Tuesday, November 13, 2012

Bungalows of Austin's West Line District

I have spent quite a bit of time trying to find out anything I can about my house and the neighborhood. There is a fabulous history center a few blocks away that I discovered when I was doing some research into buying a dilapidated mansion on the street next to mine. I have been meaning to go to the history center to research my current house, but haven’t had a chance yet.

Not a bungalow. 1872 stone mansion. The very first house in the neighborhood.
Side note: I didn’t buy the mansion because I discovered it would cost a bare minimum of $100,000 to make it habitable. It had sold at auction for $300,000. The buyers were asking $500,000. Restored it’s probably worth at least $2 million. A deal either way you look at it, but I didn’t/don’t have that kind of money. Someone else bought it and tore off all the various additions to the original house. I hoped they would restore it to its former glory, but they are turning it into a McMansion. Ugh!
Anyhow, despite all the info I found about the Old West Austin Historic District and Clarksville Historic District, neither officially included my street or house. I finally discovered my house is actually in the West Line Historic District. I entered that into Google and BINGO! There was all the info I’ve been looking for. I found a 107 page-long registration form for national historic districts.
My house was actually built in 1925, not 1928 which was on the realtor's documents. It is officially a contributing building of the historic district. There is one paragraph that specifically mentions several of the houses on my street (but not mine): “As the old estates were broken up for new subdivisions, a new class of resident arose on the West Side. Raymond Heights was no longer the exclusive realm of judges and state officials. Developers carved the old estates into standard-sized lots for smaller houses. As a result, middle-class families could afford houses in the western suburb. In fact, subdivisions in the once-exclusive enclave were heavily promoted to working-class families with the means to own their own homes in the 1910s and 1920s. Early residents along one block of T------ Street in the 1920s illustrate the trend: Olin D. Farquhar (800) was a bookkeeper at the Austin Statesman, L. B. Randerson (804) was a clerk at the post office, as was William R. Warrick (806). James H. Cummings (811) was a paperhanger, Edward W. Seiders (812) was a checker, and James D. Dunlap (815) was a trainman for the Austin Street Railway (Austin city directories, 1920-1929). All of these residents owned their homes but roughly half the people living on T------ Street in the 1920s were renters. Few T------ Street residents held professional positions or owned businesses during this period. Nevertheless, it was a respectable, middle- and working-class address.”

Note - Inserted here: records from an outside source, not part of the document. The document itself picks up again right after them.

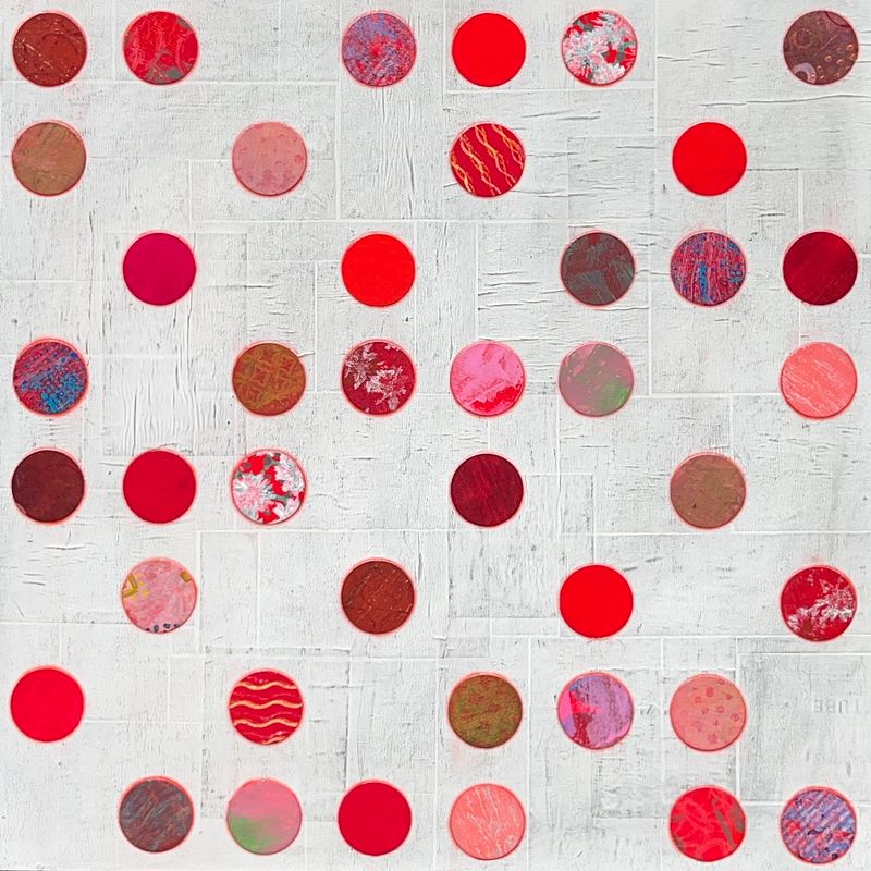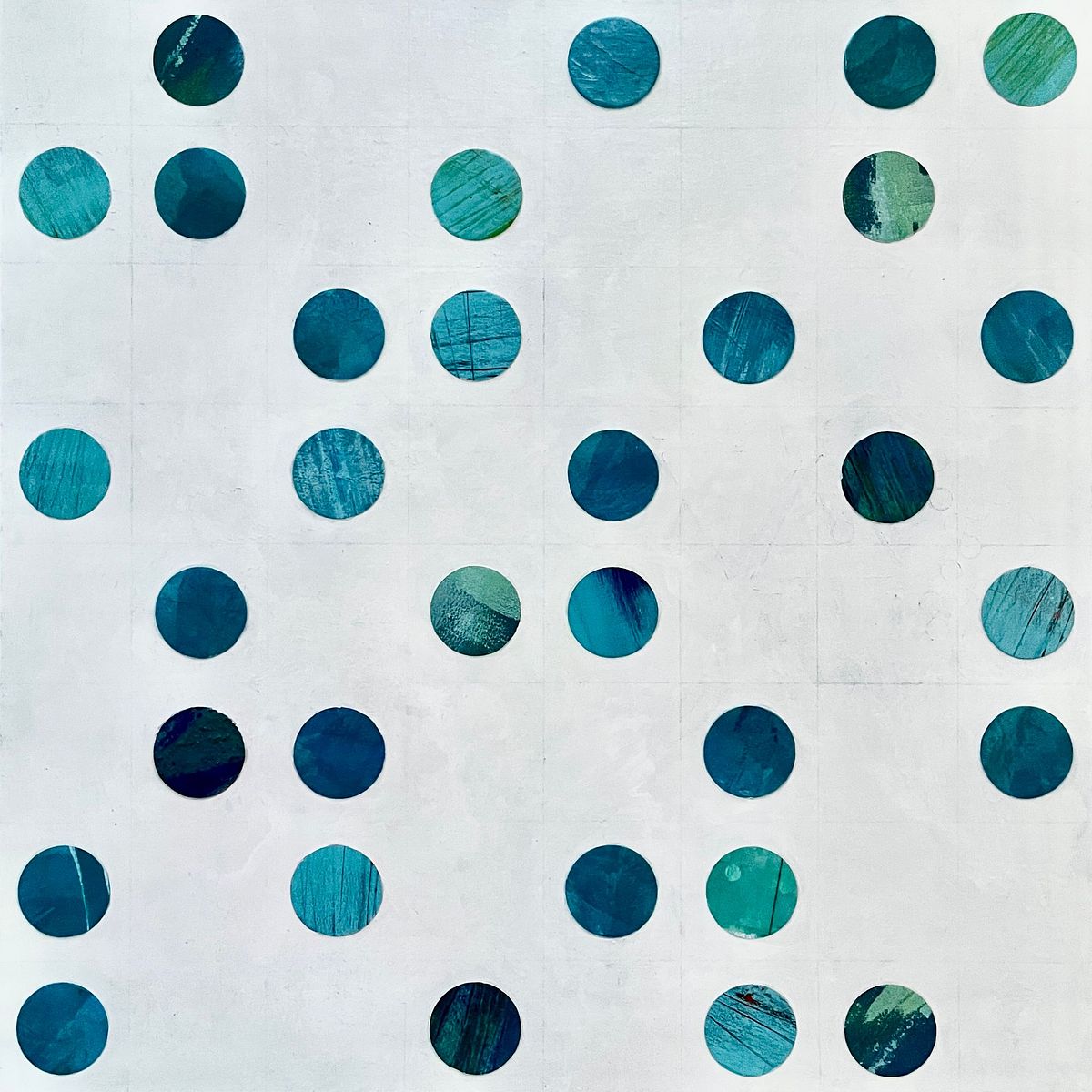 In "Frisson - a sudden surge of excitement; a shiver" delicate turquoise circles emerge against a crisp, minimal background, evoking a sudden surge of energy or emotion. The subtle variations in texture and hue within each circle suggest movement and fleeting moments of excitement. The soft yet striking repetition of shapes creates a rhythm that feels both calm and electric, inviting the viewer to experience that brief, exhilarating shiver that the piece embodies. This work captures the tension between stillness and the thrill of something unexpected, offering a sense of quiet intensity.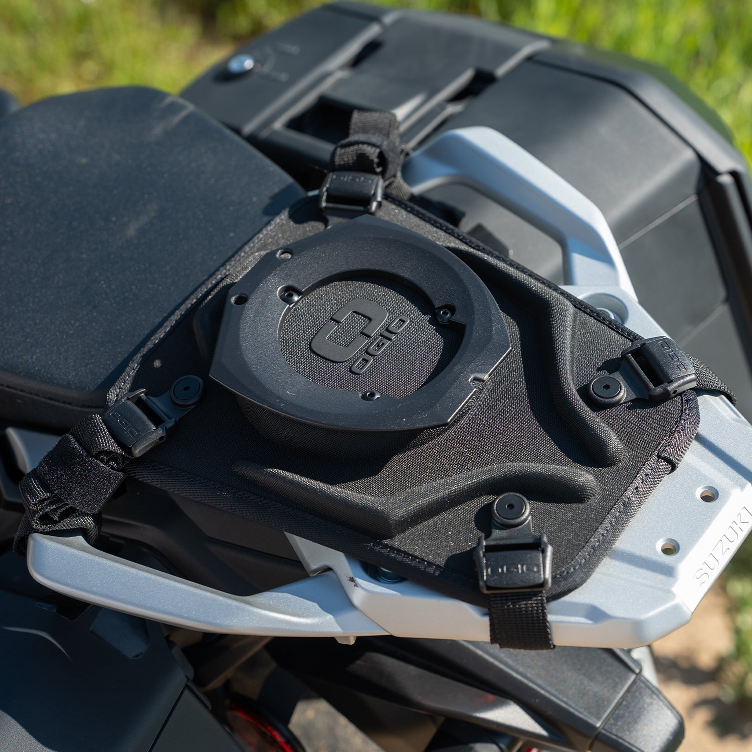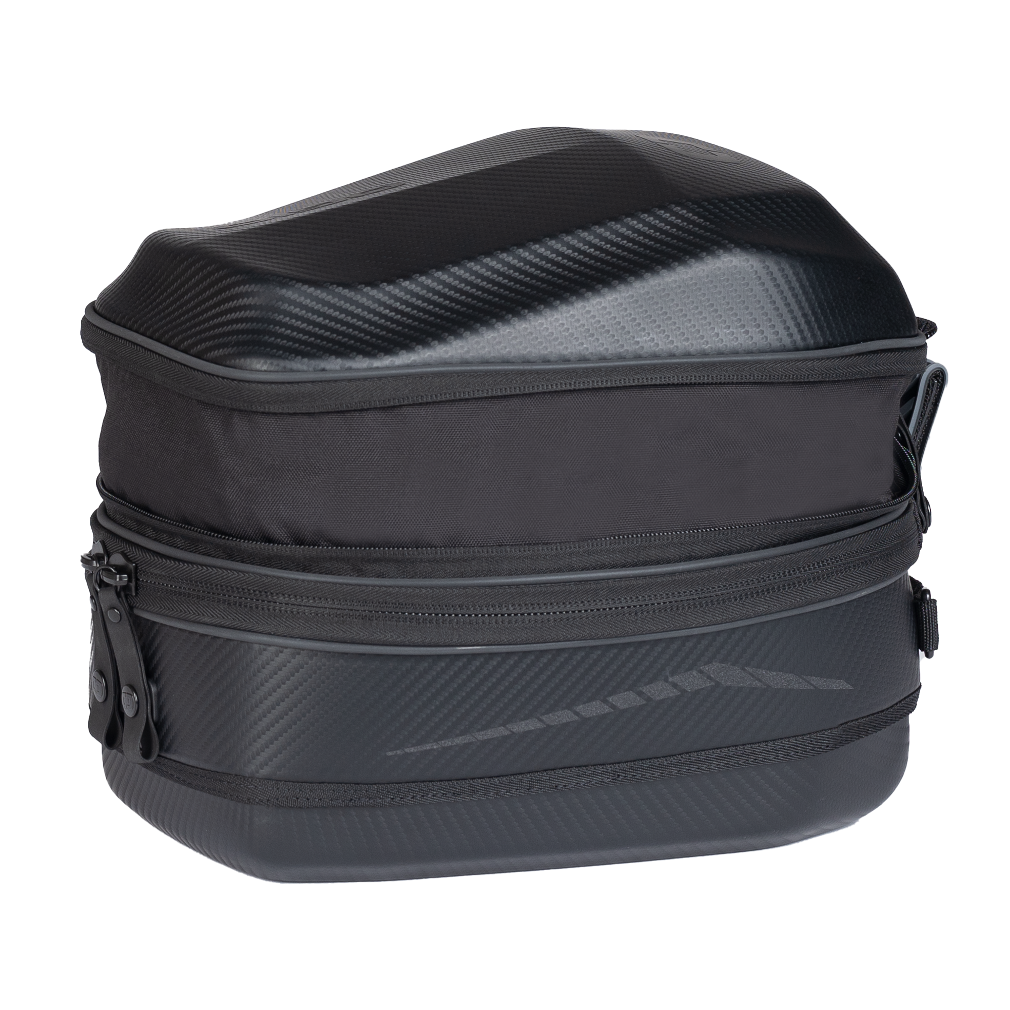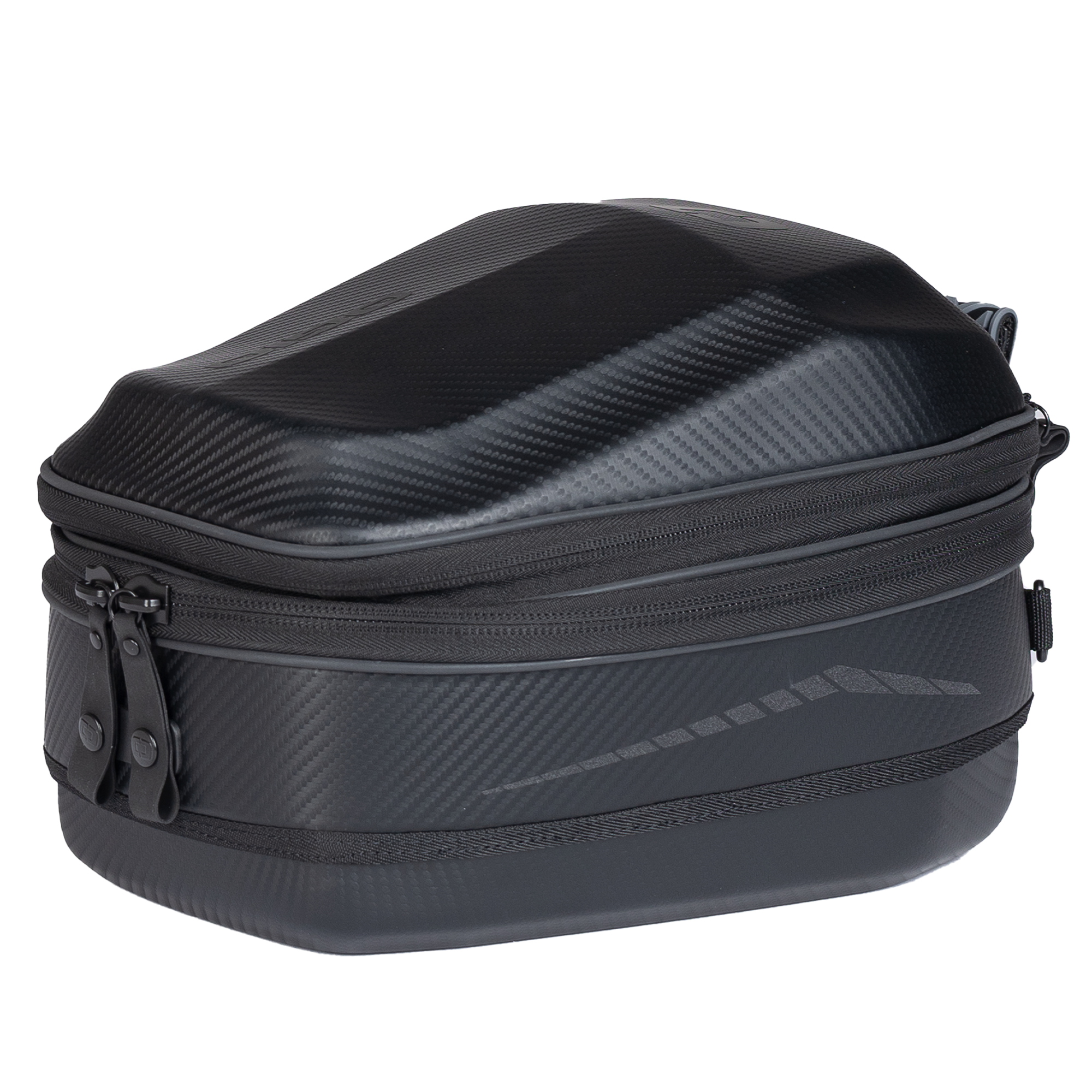 The TB2 is a 21L Tail Bag with a 3” expansion joint that allows the bag to expand and store up to 28L of volume. The Molded EVA with Carbon Fiber PU film provides structure and support while providing water resistance from the elements. The unique design is low-profile and provides an internal storage pocket, waterproof rolltop liner and carry strap. The RAM® EZY-Mount™ partnership with OGIO created a patent pending system that makes it easy to install, easy to use and easy to take-off when the ride is over.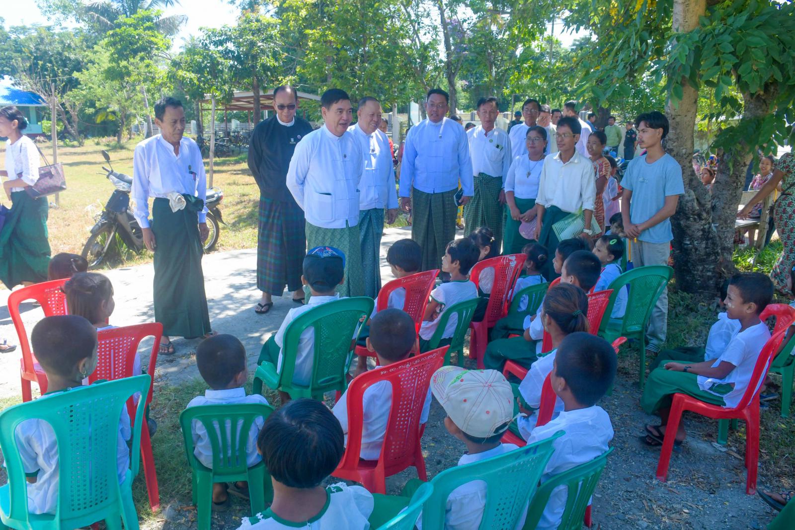 ယင်းနောက် ပြည်နယ်ဝန်ကြီးချုပ်နှင့်အဖွဲ့သည် အခြေခံပညာအထက်တန်းကျောင်းခွဲ(ရေတပ်) ကျောင်းသို့ သွားရောက်ပြီး ဆရာ၊ ဆရာမများအား ရင်းရင်းနှီးနှီးတွေ့ဆုံနှုတ်ဆက်ကာ ကျောင်းသား၊ ကျောင်းသူများ ကျောင်းအပ်နှံနေမှုကို လှည့်လည်ကြည့်ရှုအားပေးကြကာ ကျောင်းသား၊ ကျောင်းသူများအတွက် ကျောင်းသုံး စာအုပ်နှင့် သင်ထောက်ကူပစ္စည်းများကို ပေးအပ်ခဲ့ကြသည်။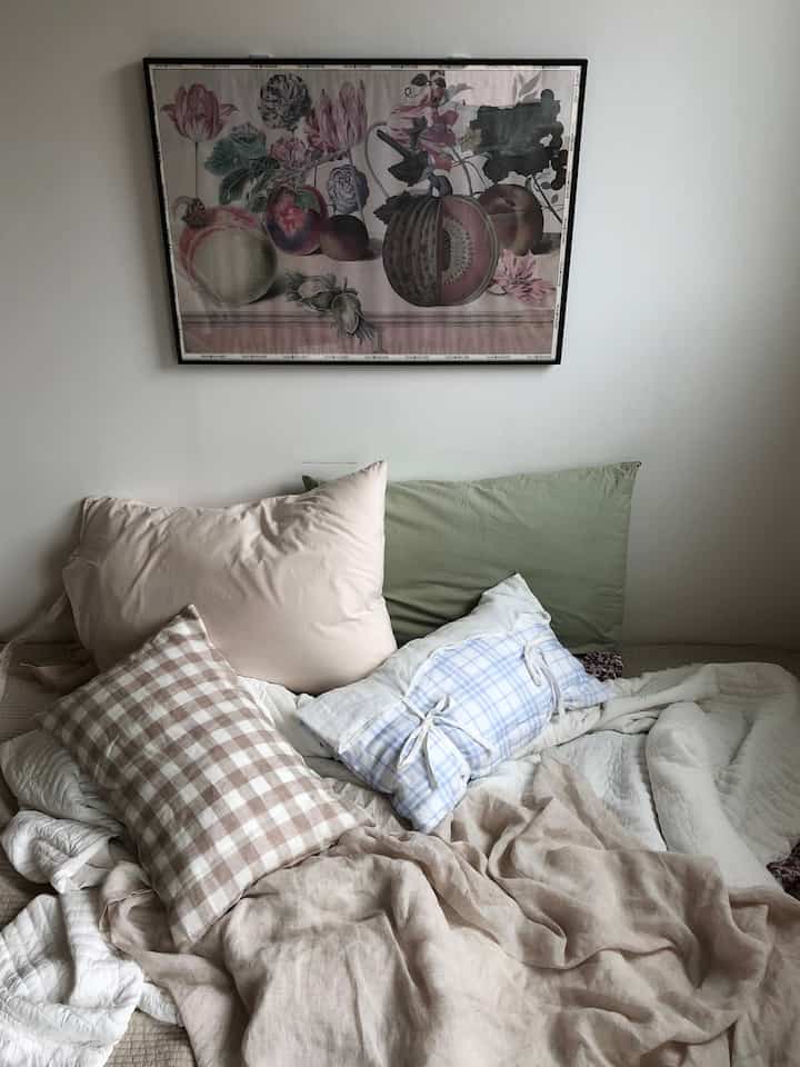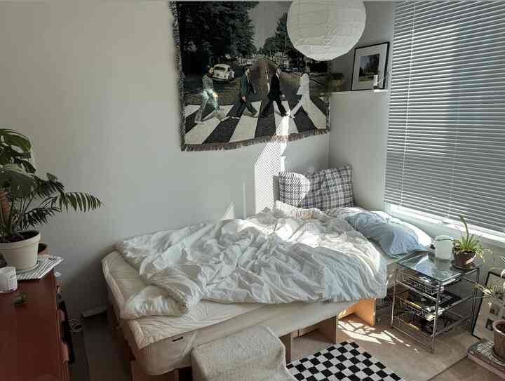 部屋いっぱいにベッドとクッションを広げて、ふわっと包まれるように暮らしてみたい——そんな憧れがずっとあります。でも今の部屋はコンパクトで、生活もする場所。空間すべてをベッドにできないことが、どこか心残りでした。そこで見つけたのが、海外動画で見たソファベッド。今あるベッドを手放す決断をして、思い切ってお迎えしました!普段はソファとして使い、寝る前に背もたれクッションを外せばシングルベッドに早変わりします🛏️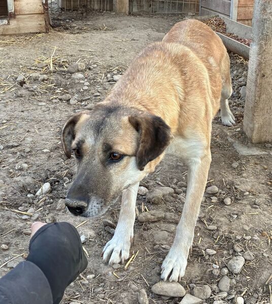 Die sehr nette, etwas zurückhaltende TABEA ist uns gleich beim Betreten des Kennels aufgefallen. Obwohl sie mit zwei sehr aktiven Hunden zusammen sitzt, hat sie immer wieder versucht, aktiv Kontakt zu uns aufzunehmen, auch wenn sie dabei von den beiden anderen Hunden im Kennel stets zurückdrängt wurde. Sie blieb aber hartnäckig und so konnten wir feststellen, dass sie Leckerchen aus der Hand nahm und vorsichtig an der Nase anfassbar war. Zu mehr fehlte ihr der Mut.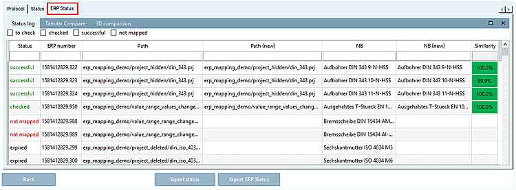 Le statut (vérifié [checked], réussi [successful], expiré [expired] et non mappé [not mapped] ) est affiché pour tous les numéros ERP concernés, ainsi que le chemin [Path], le chemin (nouveau) [Path (new)], NB et NB (nouveau) [NB (new)].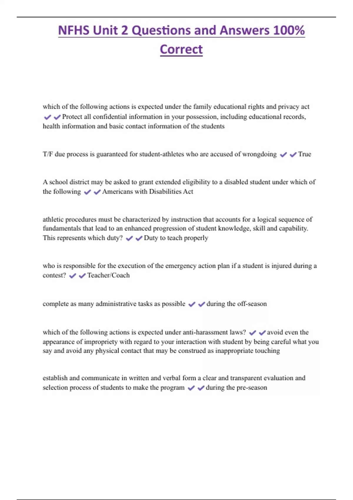 NFHS Unit 2 Questions and Answers 100% Correct which of the following actions is expected under the family educational rights and privacy act Protect all confidential information in your possession, including educational records, health information and basic contact information of the students T/F due process is guaranteed for student-athletes who are accused of wrongdoing True A school district may be asked to grant extended eligibility to a disabled student under which of the following Americans with Disabilities Act athletic procedures must be characterized by instruction that accounts for a logical sequence of fundamentals that lead to an enhanced progression of student knowledge, skill and capability. This represents which duty? Duty to teach properly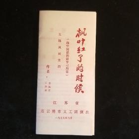 1977年马鞍山市话剧团演出《枫叶红了的时候》戏单1份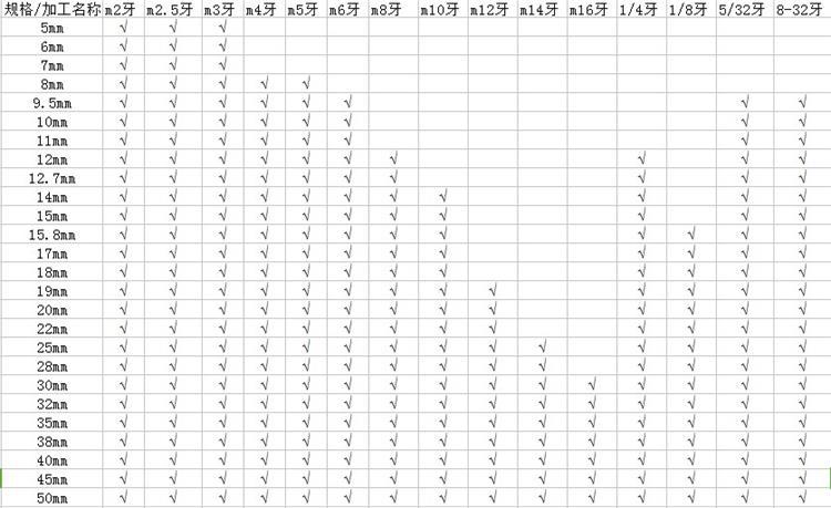 加工范圍: 攻牙m(xù)2 m2.5 m3 m4 m5 m6 m8 m10 m12 m14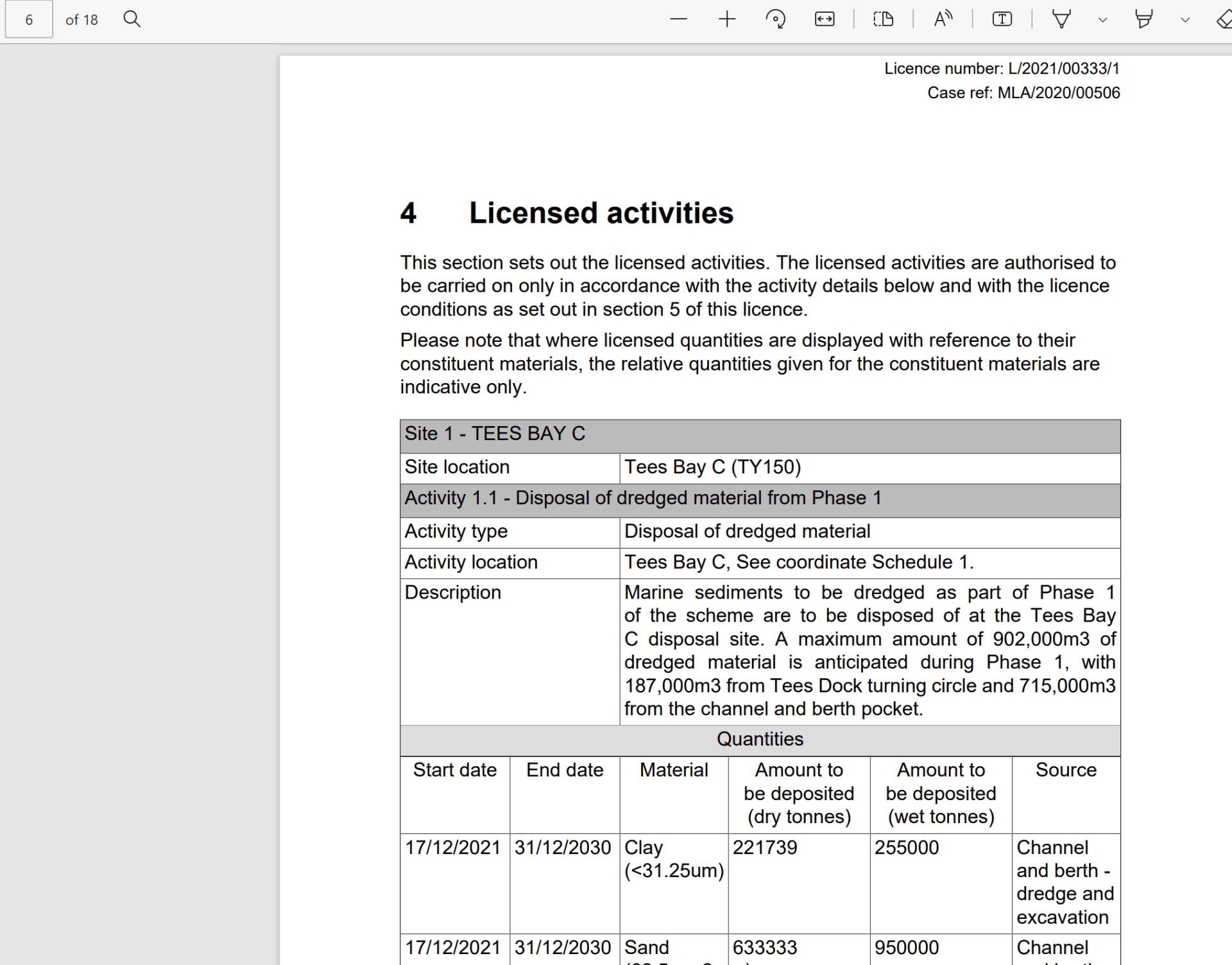 The licence allows for 715,000m3 to be dredged from the channel and berth pocket alone. So the 125,000m3 given in the press release amounts to about one fifth of the permitted dredge.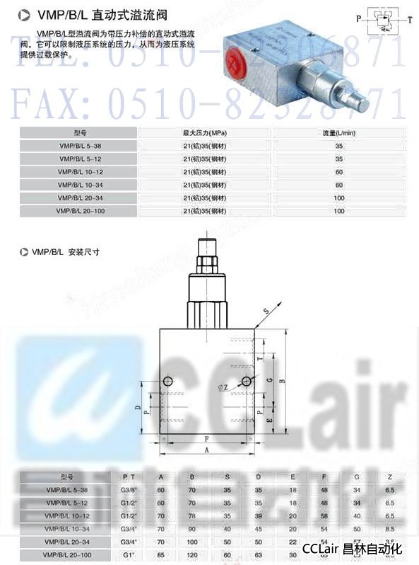 VMP/B/L 5-38,VMP/B/L 5-12,VMP/B/L 10-12,VMP/B/L 10-34,直動式溢流閥

The big house next door to me may have been owned by a checker at one time but I found out it was built by a contractor—Jacob J. Wattlinger, a partner at Wattlinger Brothers in 1922 and is eligible to be a historic property on it's own (not just as part of a historic district). Unfortunately the 90+ year-old woman who owns it has let it decay. There are two guys renting it right now. They pay for all the repairs but it doesn't look like they do a whole lot. It's desperately in need of a paint job. The shutters and some of the window trim has rotted and fallen on the roof. Judging from the units sticking out the windows, I don't think central air or heat was ever installed. I wonder if it still has all the old built-ins. Maybe I'll have to get myself invited over and find out.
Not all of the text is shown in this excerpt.